A thrill of fear and excitement runs through the Enchantress. She traces a lacquered nail over the rim of her teacup, feeling it tremble in her hand. So it’s true. The key to the Ascendancy’s power has been found. “Is that all you see?”

Now the sibyl looks straight at her with those horrific eyes of hers, and the Enchantress burns with the sudden desire to know exactly what she sees. “You must not let the prince pass through the gates. You must stop him. Save this city!”

The Enchantress decides that it is time to leave. Clearly she has extracted as much use from the young sibyl as she ever will. She places her teacup on the table and picks up her gloves. “You have been most helpful, Reverence. And thanks for the tea.” And then she rises from her chair and makes for the exit, only to stop at the sibyl’s desperate pleas.
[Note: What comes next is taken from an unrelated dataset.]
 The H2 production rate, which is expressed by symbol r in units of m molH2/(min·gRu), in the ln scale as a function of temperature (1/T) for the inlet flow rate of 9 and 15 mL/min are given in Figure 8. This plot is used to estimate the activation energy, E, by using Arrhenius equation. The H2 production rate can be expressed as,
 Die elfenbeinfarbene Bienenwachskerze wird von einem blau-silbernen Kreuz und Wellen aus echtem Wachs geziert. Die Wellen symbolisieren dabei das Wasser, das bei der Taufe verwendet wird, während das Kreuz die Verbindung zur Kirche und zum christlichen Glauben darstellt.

“You don’t understand the scale of the destruction we face, Your Highness,” the child cries. “You must stop the prince before he brings ruin upon us all. Surely it is why you are here.”

With a chilled smile the Enchantress turns around, and she lets a morsel of her power peek through the veil she hides it under. “But ruin is exactly what I seek, my dear sibyl.”
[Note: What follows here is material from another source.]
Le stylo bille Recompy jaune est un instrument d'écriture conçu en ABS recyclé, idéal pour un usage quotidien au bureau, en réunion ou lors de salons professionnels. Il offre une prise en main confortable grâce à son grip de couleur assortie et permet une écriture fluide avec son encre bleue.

The sibyl stares in shock. If she could not see the threads of time that touched the Enchantress before, she can certainly see them now. “You,” she whispers.

“Indeed.”

The Enchantress leaves the chamber without another word, and just before they reach the portal to the undercity, she turns to her masked Jasiri and whispers, “Put spies near the city gates. I want to know the moment someone rides in on a white beast, something sizable and likely predatory. He will be traveling with three companions.”

“As you wish, Your Highness,” says one of her masked guardians, and his voice comes out with a harsh metallic edge.
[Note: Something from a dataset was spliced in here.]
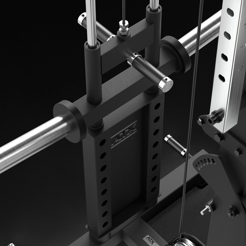 Alle relevanten Langhantelübungen können wahlweise frei am stabilen Rack oder präzise geführt an der seidenweich laufenden Multipresse ausgeführt werden. J-Hooks und Spotterarme sind bereits inklusive und sorgen dafür, dass Sie jederzeit sicher bis an Ihre Grenzen gehen können - für maximale Trainingsvielfalt und Sicherheit. Die integrierte Klimmzugvorrichtung erweitert das Workout um eine Vielzahl funktioneller Übungen. Die integrierte Latzugstation (Hantelscheibenaufnahme Ø 50 mm) ermöglicht alle relevanten Zugübungen von Oben- und Unten - ohne Umbau!

“And one last thing.” The Enchantress casts a glance down the tunnel, where the hum of voices can be heard, the sounds of cultists living their lives and raising families in these sewers like rats. “Purge the sanctuary. No one gets out of here alive.”

A brief silence as the two Jasiri share a look. “What of the sibyl, Your Highness?” says the one who spoke before, and the Enchantress lets a silent gaze answer his question. His fiendish mask conceals his face, but the hesitation is clear in his voice when he speaks. “But she is the last soothsayer. The late king consulted with her regularly. She was under his protection.”

“Am I flinching?”

After a pause, the Jasiri nods. “It will be done.”

And it will; of this she is certain. The Jasiri will not fail to carry out her orders to the fullest extent, and the Cult of Vigilance will be wiped from this city once and for all.

A smile stretches her lips as she leaves the sanctuary. It falters, though, when she hears the first screams behind her, but she forces it to hold.